### [Exercise goal]
Leaving the pictures out, print the lines from the first line of the listing through the line containing "Lvyora White Turmeric", exactly as they read, and no others.

### [Information supplied]
>>>
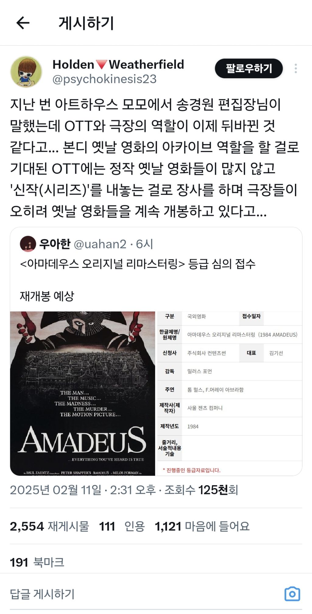 개인적으로 최근의 재개봉 영화로 가득찬 개봉작 리스트가 너무 싫긴 하지만 애초에 극장이 영화를 ’체험‘하는 공간이라는 측면에서는 꽤 제대로 된 역할 분담인 것 같기도 하구요 https://t.co/fEWjFO7jWg
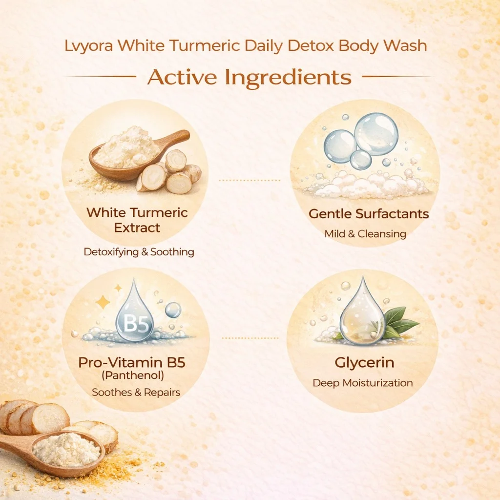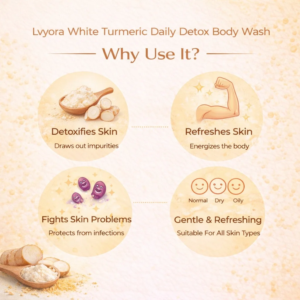 Lvyora White Turmeric Daily Detox Wash is a gentle yet effective cleanser designed for everyday skin care. Enriched with the goodness of white turmeric, it helps cleanse and detoxify the skin while supporting clarity and natural balance. The mild formula removes daily impurities without disturbing the skin’s moisture barrier.
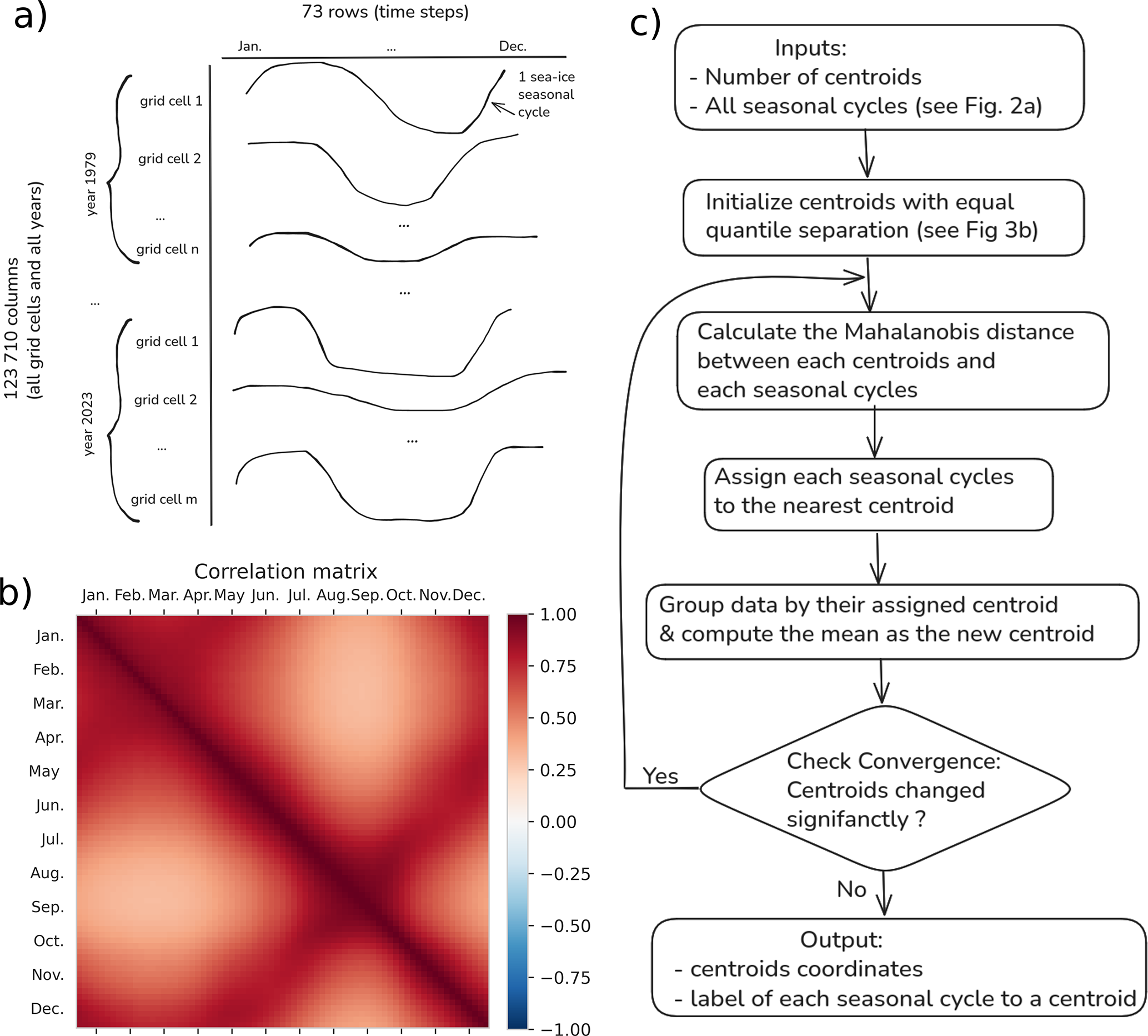 We implement a k-means clustering algorithm, which is an unsupervised machine learning method that groups data into subsamples sharing common features (Jain, 2010). It has the advantage of being non-parametric as our data distribution is strongly non-Gaussian. Indeed, SIC is bounded between 0 and 1 with high occurrences of values close to 0 and 1. It is an iterative method that minimizes a cost function being the sum of the squared distance (distance in a sense that would be defined later) between each seasonal cycle and its nearest cluster center (also called centroid). At each iteration, the coordinates of the centroids are updated. The initialization of centroids coordinates using k-means++ concept (the first centroid is chosen randomly, the second is the farthest-away, the third the farthest-away of the first and second, and so on) has been tested and is partly impacting our results. Therefore, we choose a different initialization strategy. We initialize the centroids coordinates based on seasonal cycles that separate the data into equal quantiles. For a clustering involving two clusters, the initializations are the two seasonal cycles of 0.33 and 0.66 quantiles of all seasonal cycles; for a clustering involving three clusters, the initializations are the three seasonal cycles of 0.25, 0.5, and 0.75 quantiles, and so on (Fig. 3b). The quantiles are calculated over all the seasonal cycles considered in this study. This favours initial centroids far from each other to avoid iterating over a local minimum and the clustering is thus deterministic (i.e., it does not present any random aspect). The strategy of initialization based on quantiles has been investigated for synthetic and real dataset and has shown a faster convergence compared to random and K means++ initialization techniques (Jambudi and Gandhi, 2022).
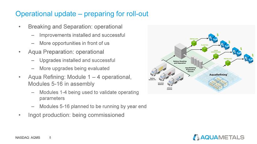 Agenda • Operational update • 48V vehicle batteries – a game changer for the lead industry? • Business expansion • Intellectual Property • CFO Succession • Financials • Summary 4 NASDAQ: AQMS
<<<
### [Reply to the task]
 개인적으로 최근의 재개봉 영화로 가득찬 개봉작 리스트가 너무 싫긴 하지만 애초에 극장이 영화를 ’체험‘하는 공간이라는 측면에서는 꽤 제대로 된 역할 분담인 것 같기도 하구요 https://t.co/fEWjFO7jWg
 Lvyora White Turmeric Daily Detox Wash is a gentle yet effective cleanser designed for everyday skin care. Enriched with the goodness of white turmeric, it helps cleanse and detoxify the skin while supporting clarity and natural balance. The mild formula removes daily impurities without disturbing the skin’s moisture barrier.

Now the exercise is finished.